Your copy of the data should match it exactly, except that the pictures are gone.
---------- RECORDED INFORMATION
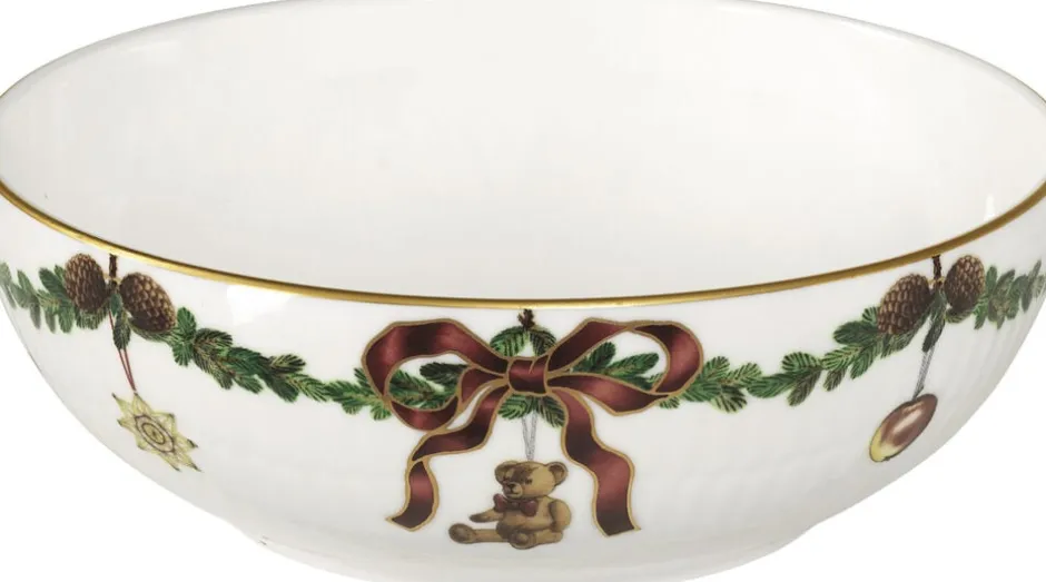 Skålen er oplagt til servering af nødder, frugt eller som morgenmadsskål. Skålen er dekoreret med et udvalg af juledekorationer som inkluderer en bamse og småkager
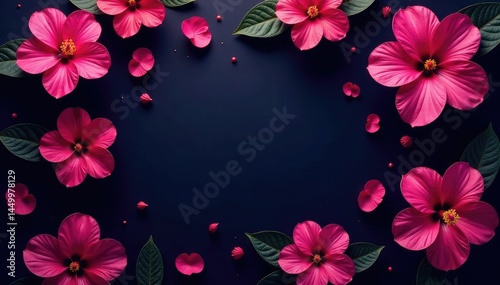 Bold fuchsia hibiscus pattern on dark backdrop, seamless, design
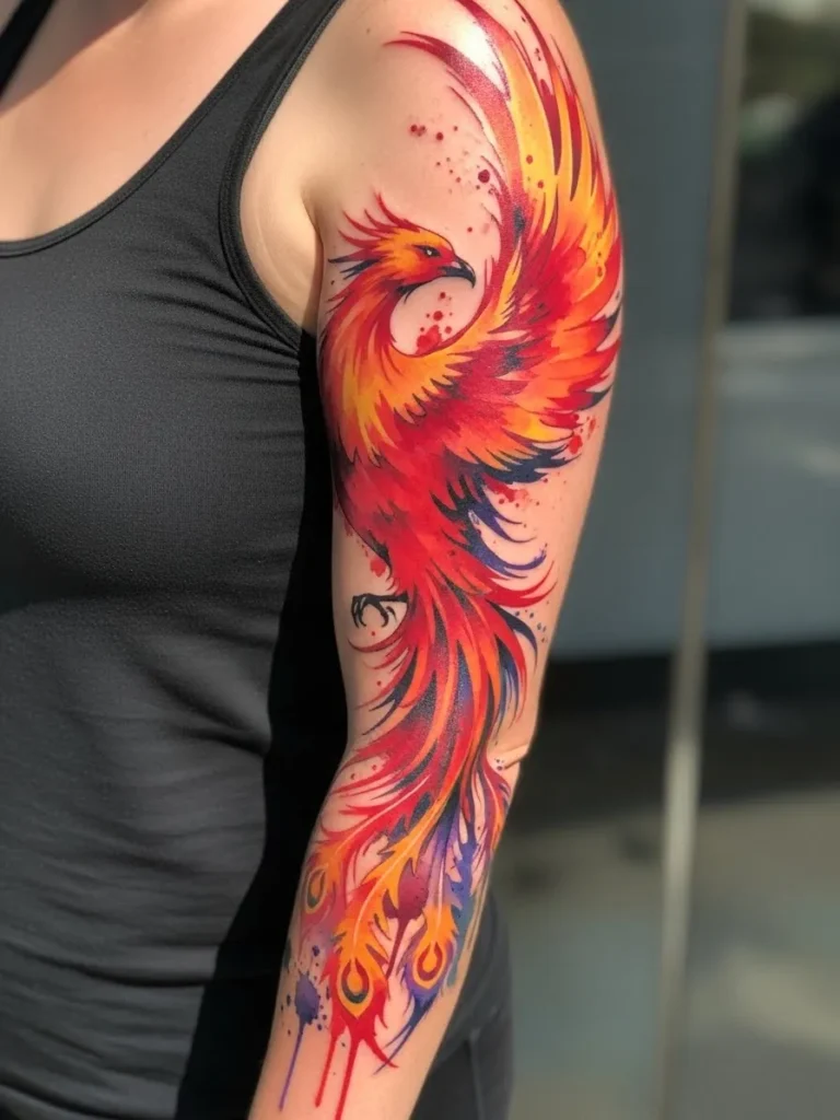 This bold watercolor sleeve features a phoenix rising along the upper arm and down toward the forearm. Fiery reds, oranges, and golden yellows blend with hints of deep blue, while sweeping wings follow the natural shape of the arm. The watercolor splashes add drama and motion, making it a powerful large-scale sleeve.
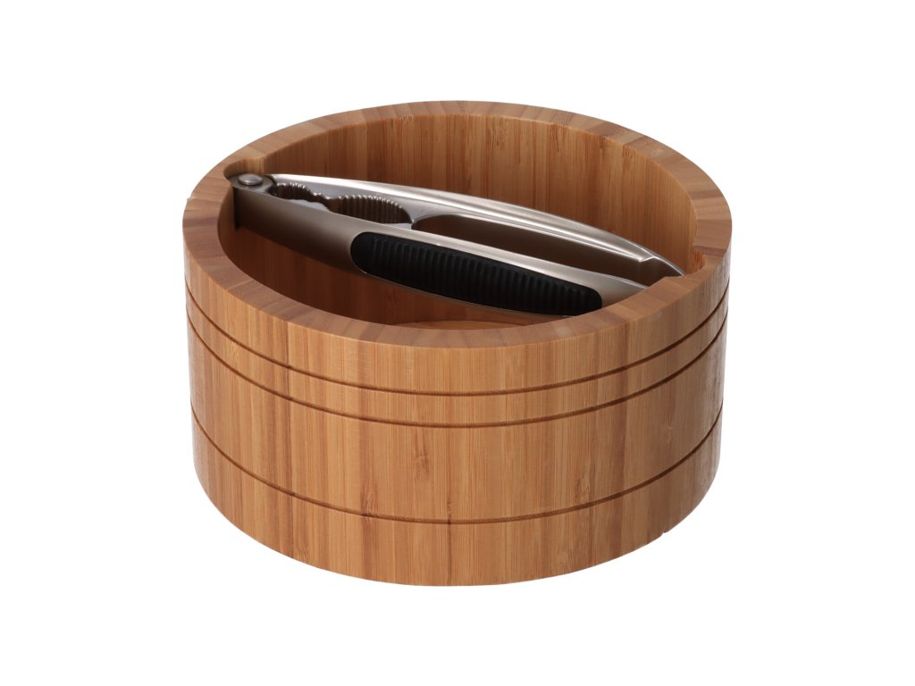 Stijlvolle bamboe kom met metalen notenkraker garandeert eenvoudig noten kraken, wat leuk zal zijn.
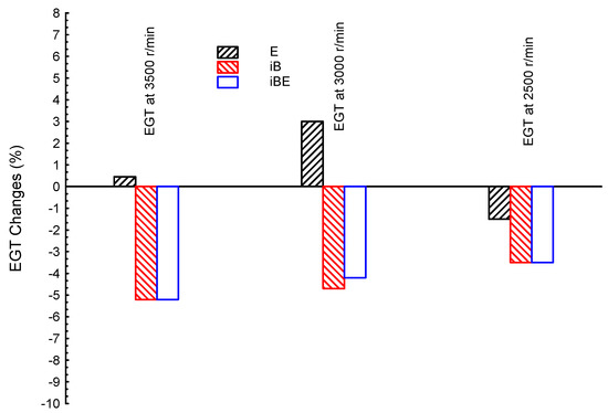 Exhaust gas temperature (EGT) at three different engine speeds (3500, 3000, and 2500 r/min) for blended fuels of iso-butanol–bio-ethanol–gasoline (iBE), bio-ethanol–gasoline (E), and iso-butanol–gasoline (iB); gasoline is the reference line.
--------------------
EXERCISE RESPONSE:
 Skålen er oplagt til servering af nødder, frugt eller som morgenmadsskål. Skålen er dekoreret med et udvalg af juledekorationer som inkluderer en bamse og småkager
 Bold fuchsia hibiscus pattern on dark backdrop, seamless, design
 This bold watercolor sleeve features a phoenix rising along the upper arm and down toward the forearm. Fiery reds, oranges, and golden yellows blend with hints of deep blue, while sweeping wings follow the natural shape of the arm. The watercolor splashes add drama and motion, making it a powerful large-scale sleeve.
 Stijlvolle bamboe kom met metalen notenkraker garandeert eenvoudig noten kraken, wat leuk zal zijn.
 Exhaust gas temperature (EGT) at three different engine speeds (3500, 3000, and 2500 r/min) for blended fuels of iso-butanol–bio-ethanol–gasoline (iBE), bio-ethanol–gasoline (E), and iso-butanol–gasoline (iB); gasoline is the reference line.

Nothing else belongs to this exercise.